This invention relates to current sources, and in particular, current sources capable of providing a high power supply rejection ratio (“PSRR”).
PSRR refers to the change in input offset voltage of an operational amplifier (“op-amp”) to the change in the power supply voltage that causes it. The offset voltage refers to the difference in voltage at the two inputs of an op-amp required to bring the output voltage to zero.
The present invention improves on the topology of a conventional current source by interposing an RC circuit and additional MOS between the output of the buffer and the output of the current source. The topology of the present invention advantageously provides a clean current output by shunting noise to ground.
For a more complete understanding of the present invention, reference is made to the following detailed description taken in conjunction with the accompanying drawings wherein:
FIG. 1 is a schematic circuit diagram of a conventional current source using a CMOS device; and
FIG. 2 is a schematic circuit diagram of a current source using a CMOS device of the present invention.
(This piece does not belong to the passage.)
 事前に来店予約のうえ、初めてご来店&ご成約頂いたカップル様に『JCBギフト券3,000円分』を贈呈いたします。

The numerous innovative teachings of the present application will be described with particular reference to the disclosed embodiment. However, it should be understood that this embodiment provides only one example of the many advantageous uses and innovative teachings herein. In general, statements made in the specification of the present application do not necessarily delimit any of the various claimed inventions. Moreover, some statements may apply to some inventive features, but not to others. Detailed descriptions of known functions and constructions unnecessarily obscuring the subject matter of the present invention have been omitted for clarity. Though the invention has been described with respect to a specific preferred embodiment, many variations and modifications will become apparent to those skilled in the art upon reading the present application. It is therefore the intention that the appended claims be interpreted as broadly as possible in view of the prior art to include all such variations and modifications.
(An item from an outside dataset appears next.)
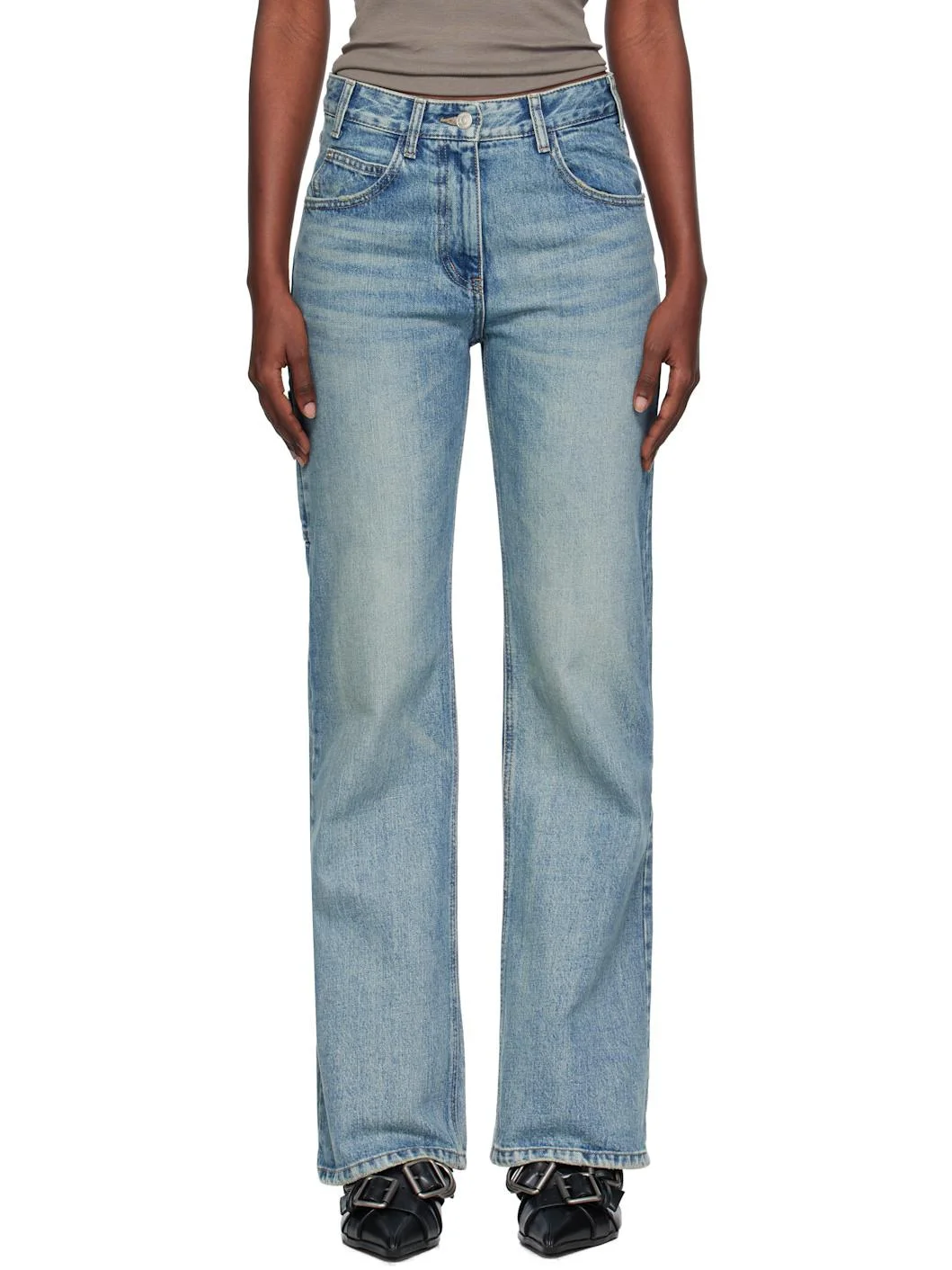 Non-stretch denim jeans. · Fading, whiskering, subtle distressing throughout · Belt loops · Five-pocket styling · Zip fly · Logo patch at back waistband · Patch pockets at back leg · Logo-engraved silver-tone hardware Supplier color: Blue Body: 100% cotton. Pocket lining: 65% polyester, 35% cotton. Made in South Korea 252731F069002

A conventional current source 100 is illustrated in FIG. 1. It comprises a reference voltage input 10 coupled to the non-inverting input of buffer 11. The output of buffer 11 is coupled to the gate of MOS transistor 12. The drain of MOS transistor being coupled to the inverting input of the buffer 11 and to pin 13. An external resistor 14 couples the current generator 100 to ground 15. The source of MOS transistor 12 is coupled to output pin 16. Disadvantageously, current generator 100 is unable to shunt noise to ground 15 and thus, noise is outputted at pin 16 with the current signal.
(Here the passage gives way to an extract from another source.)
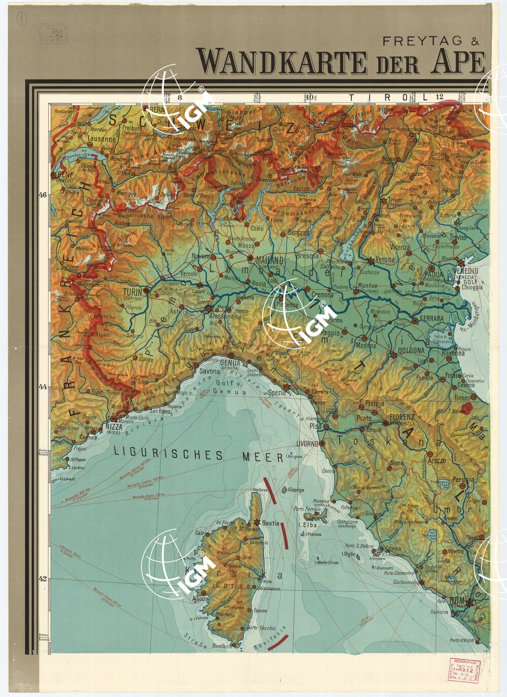 Autore Freytags & Nerndt.Luogo di edizione Vienna. Rappresentazione orografica a tinte ipsometriche.

An embodiment of the present invention is disclosed as current source 200 in FIG. 2. As seen therein, current source 200 comprises a voltage reference input terminal 20 coupled to the non-inverting input of buffer 21. In the disclosed embodiment, buffer 21 comprises an operational amplifier buffer. The output of buffer 21 is coupled to the gate of first MOS transistor 22. The source of first MOS transistor 22 is coupled to first pin 23. The drain of first MOS transistor 22 is coupled to the inverting input of buffer 21. The first terminal of first resistor 24 is coupled to the gate of first MOS transistor 22. The second terminal of first resistor 24 is coupled to the gate of second MOS transistor 26. The first terminal of capacitor 25 is coupled to the gate of the second MOS transistor 26 and the second terminal of capacitor 25 is coupled to the inverting input of buffer 21. The drain of second MOS transistor 26 is coupled to second pin 27 and the source of the second MOS transistor 26 is coupled to output terminal 28. In the disclosed embodiment of the present invention, the first MOS transistor 22 comprises a PMOS transistor and second MOS transistor 26 comprises an NMOS transistor. As shown in the disclosed embodiment, the second pin 27 is coupled to a first terminal of second resistor 29 and the second terminal of second resistor 29 is coupled to ground 30. As shown, the second resistor 29 is external to current source 200.
Advantageously, current source 200 is operable to shunt noise to ground 30 and a cleaned current signal to output terminal 28.
Although a disclosed embodiment of the present invention has been illustrated in FIG. 2 and described in the foregoing Detailed Description, it is understood that the invention is not limited to the embodiment disclosed, but is capable of numerous rearrangements, modifications, and substitutions without departing from the spirit of the invention as set forth and defined by the following claims.
Claims (10)
1. A current source, comprising:
a buffer;
an input terminal coupled to a non-inverting input of the buffer;
a first MOS transistor;
an output of the buffer being coupled to the gate of the first MOS transistor;
an input pin;
the source of the first MOS transistor coupled to the input pin;
the drain of the first MOS transistor being coupled to an inverting input of the buffer;
a first resistor;
the first terminal of the first resistor being coupled to the gate of the first MOS transistor;
a second MOS transistor;
the second terminal of the first resistor being coupled to the gate of the second MOS transistor;
a capacitor;
the first terminal of the capacitor also being coupled to the gate of the second MOS transistor;
the second terminal of the capacitor also being coupled to the inverting input of the buffer;
the drain of the second MOS transistor being coupled to a ground pin; and
the source of the second MOS transistor being coupled to an output terminal.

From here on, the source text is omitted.